Ветер натягивался, смелел, покачивало уже не на шутку. Но чайки все так же, то садясь, то снова взмывая, продолжали лететь за теплоходом. Только крылья их стали как бы короче и махали они ими чаще, с видимым усилием преодолевая ветер. Но что-то, какая-то важность, какой-то смысл заставляли их все лететь и лететь.
Виктор попробовал читать и не смог. С тех пор как он сам начал писать, чтение перестало доставлять ему обычное удовольствие, когда спокойно и доверчиво следуешь за автором всюду, куда его понесет, когда происходящие в книге события и участвующие в них персонажи воспринимаются как случившаяся реальность, независимо от того, нравятся они или нет.

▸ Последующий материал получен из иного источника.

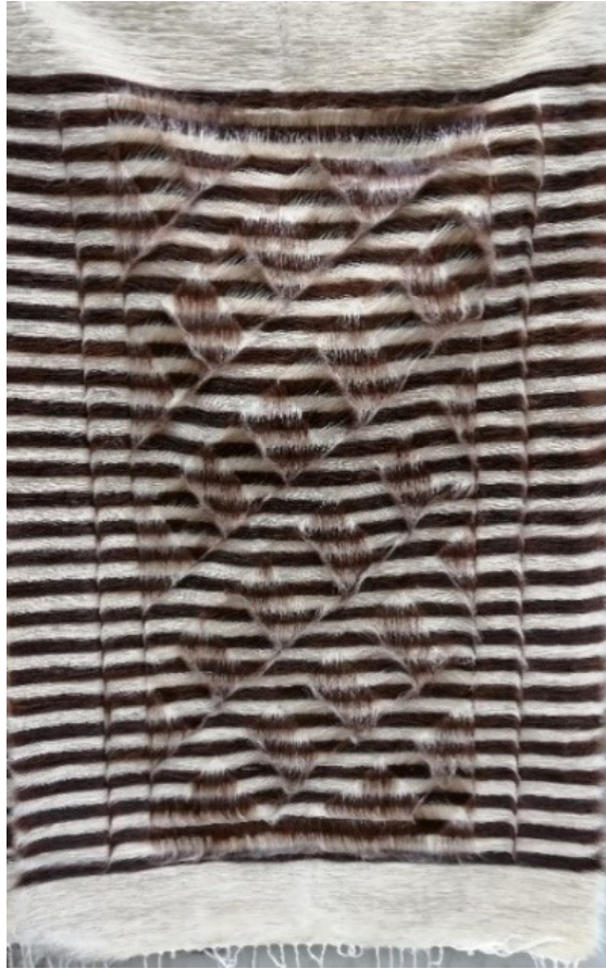
Fotoğraf 18: Tarama tekniđi ile Desenlendirilmiő Siirt Battaniyesi.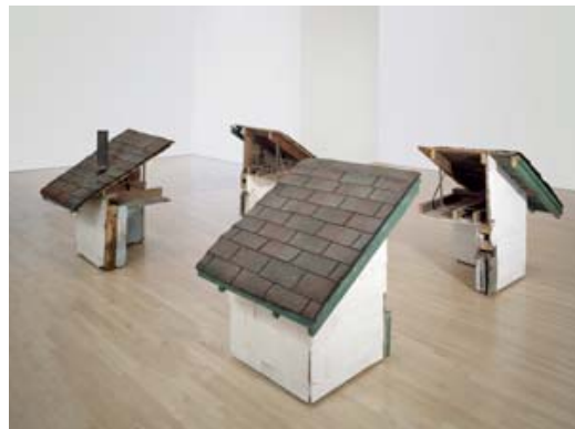
③ 《スプリットティング：四つの角》1974年 サンフランシスコ近代美術館蔵

住まいの確保は、生きる上で最も重要なことの一つです。けれど近代以降、私たちの多くは故郷（ホーム）としての住居をもたず、転々と移り住むことを余儀なくされています。マッタ=クラークにとって重要だったのは、建築のスタイルではなく、人が「住まう」という経験でした。彼は、再開発のなかで建物が取り壊されていくプロセスに介入し、家屋の床や壁を切り取り、穴を穿つことで、捨てられた空間に新たな光を当て、またそこに住んでいた人々の歴史や記憶をも浮かび上がらせました。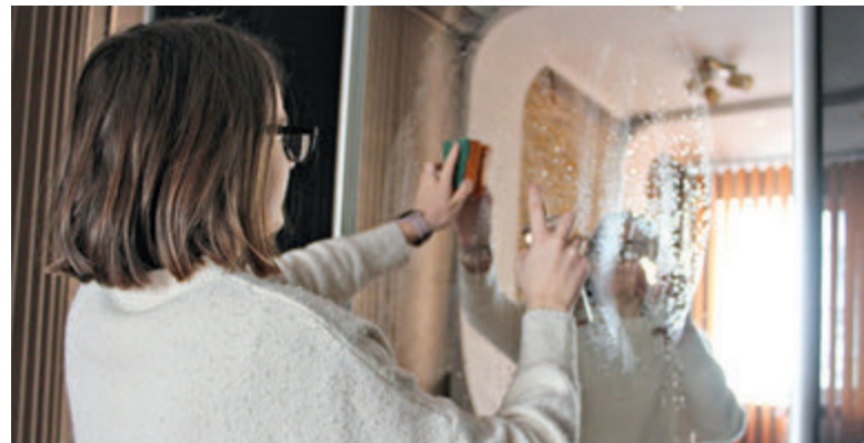
Двічі на день треба робити вологе прибирання. Одне з деззасобами, інше — з миючими засобами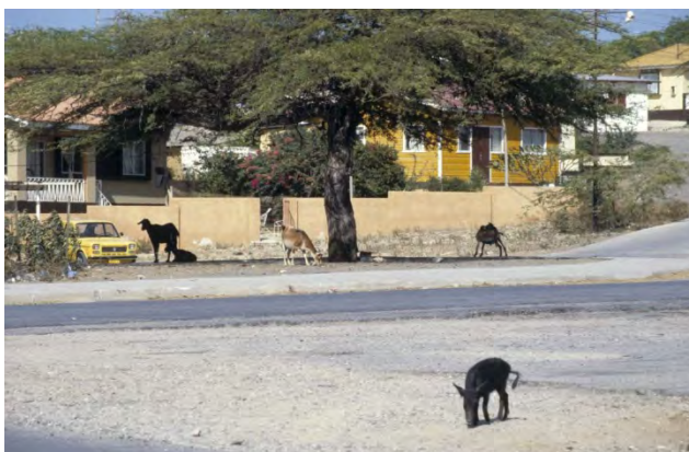
Figuur 10 Gezicht op straat met loslopende geiten (kabrieten) (onbekend)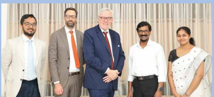
බ්‍රිතාන්‍ය මහ කොමසාරිස් හමුවී...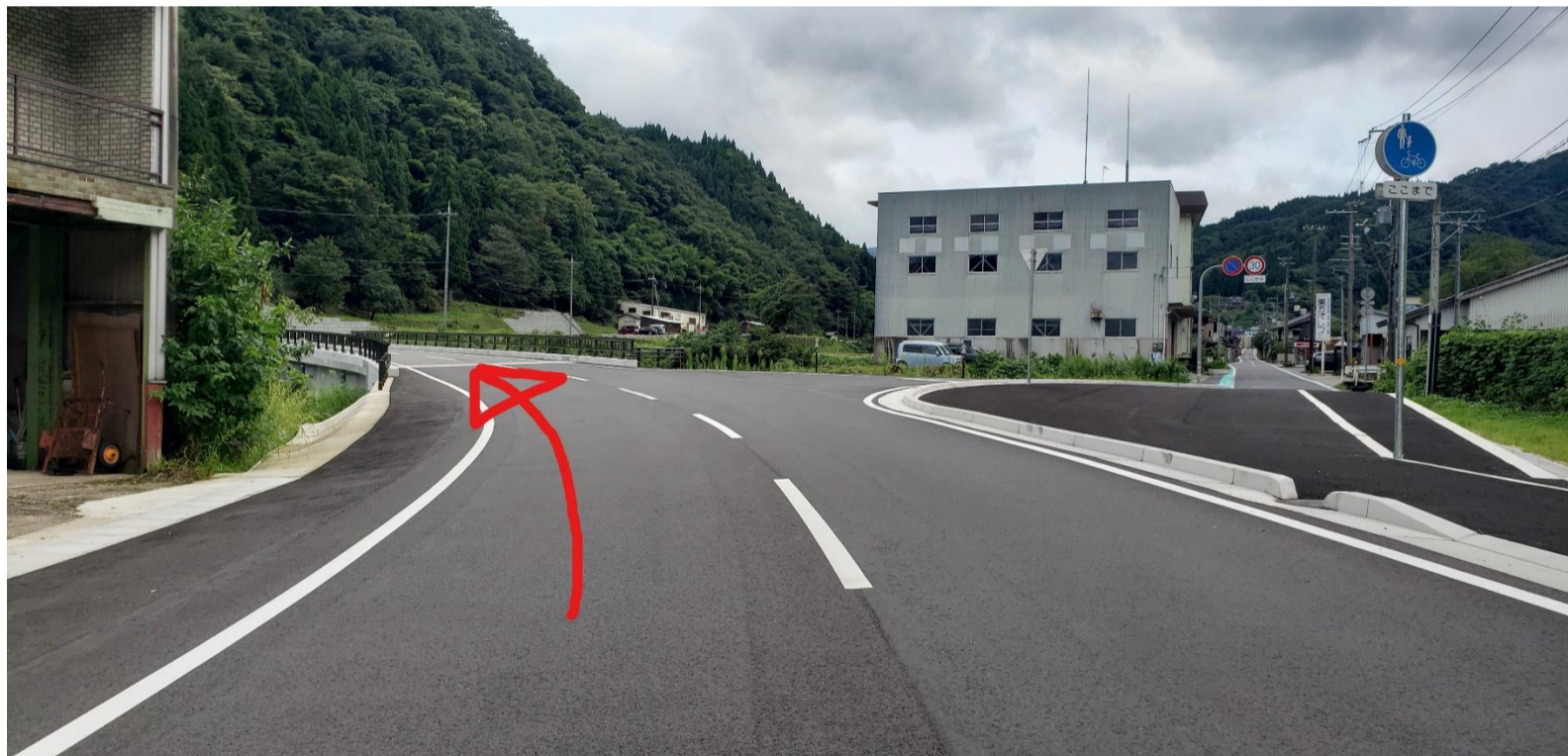
②小代バイパス直進(左カーブ)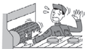
機械にまきこまれケガをした。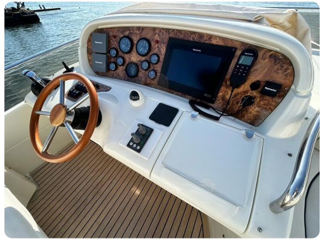
Az 62 Plancia di guida flybridge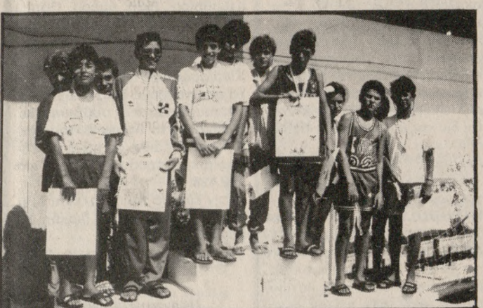
Μερικοί από τους κολυμβητές που πήραν μετάλλιο στους αγώνες που έγιναν στην πόλη μας.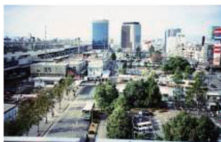
整備前（西側上空から駅前広場を望む）

事業名 岐阜駅北口駅前広場整備事業 受賞機関 岐阜市 実施期間 平成14年度～平成21年度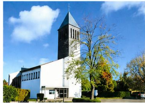
St. Raphael Pr. Oldendorf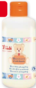
Trudi Baby Care Bagnolatte al miele d'arancio 250 ml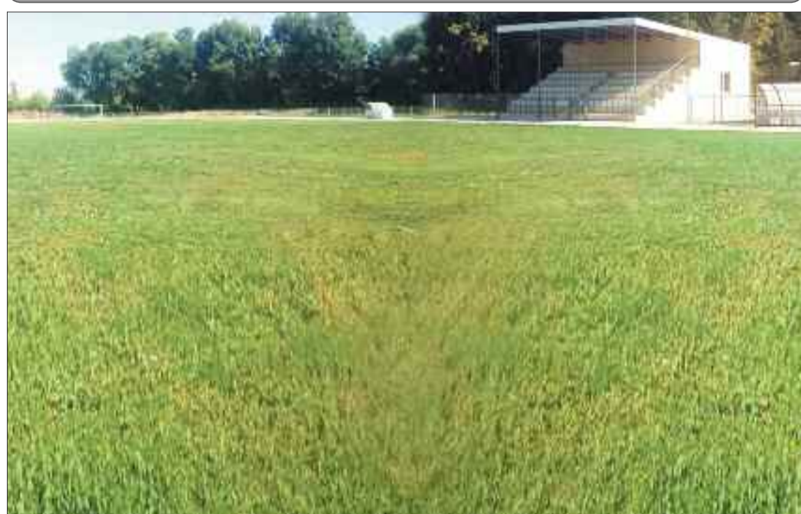
Şərur rayonunun Yuxarı Aralıq kəndində stadion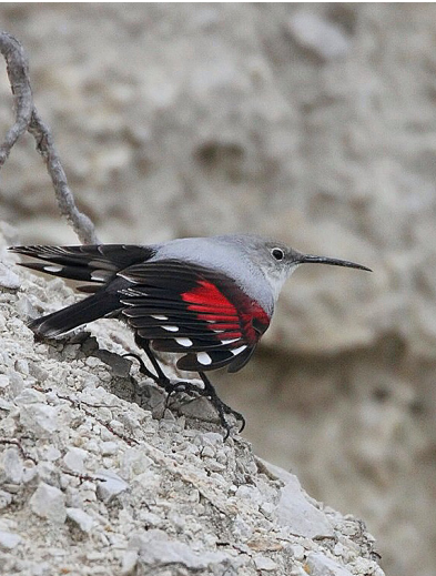
Mauerläufer in Burgdorf

И отношение к литературе легко вмещалось прежде в три довольно категорических измерения: хорошо, плохо, так себе. Теперь же появился чисто профессиональный интерес. Ох, уж этот профессиональный интерес… ни дна бы ему, ни покрышки.
До чего было просто раньше и до чего трудно сейчас — будто ты находишься на постоянном дежурстве и не хочешь, да видишь, как ерзает, а то и бьется в мучительных судорогах неправильно поставленное слово, как беззастенчиво хихикают или аукают посередь серьезного разговора, потому что им делать тут нечего, пустые, ненужные фразы, как врет, соловьем заливается во лжи какой-нибудь положительный герой, купаясь в громких и почтенных словах, словно в мыльной пене, в то время как он, по мысли автора, должен произносить правду, правду и одну только правду, как вся книга руками и ногами бьет, требуя, чтобы ее читали, и вопя о книжном равноправии, хотя пользы от подобного чтения нет и не может быть. Видишь, понимаешь и не можешь вмешаться — ни помочь, ни одернуть, ни пристыдить. Уж лучше бы не видеть и не понимать. Вся штука в том, что хорошая книга, как и плохая, создается из одного и того же материала, из одних и тех же слов, расставленных, правда, в ином порядке, звучащих в иной интонации и благословенных иным перстом.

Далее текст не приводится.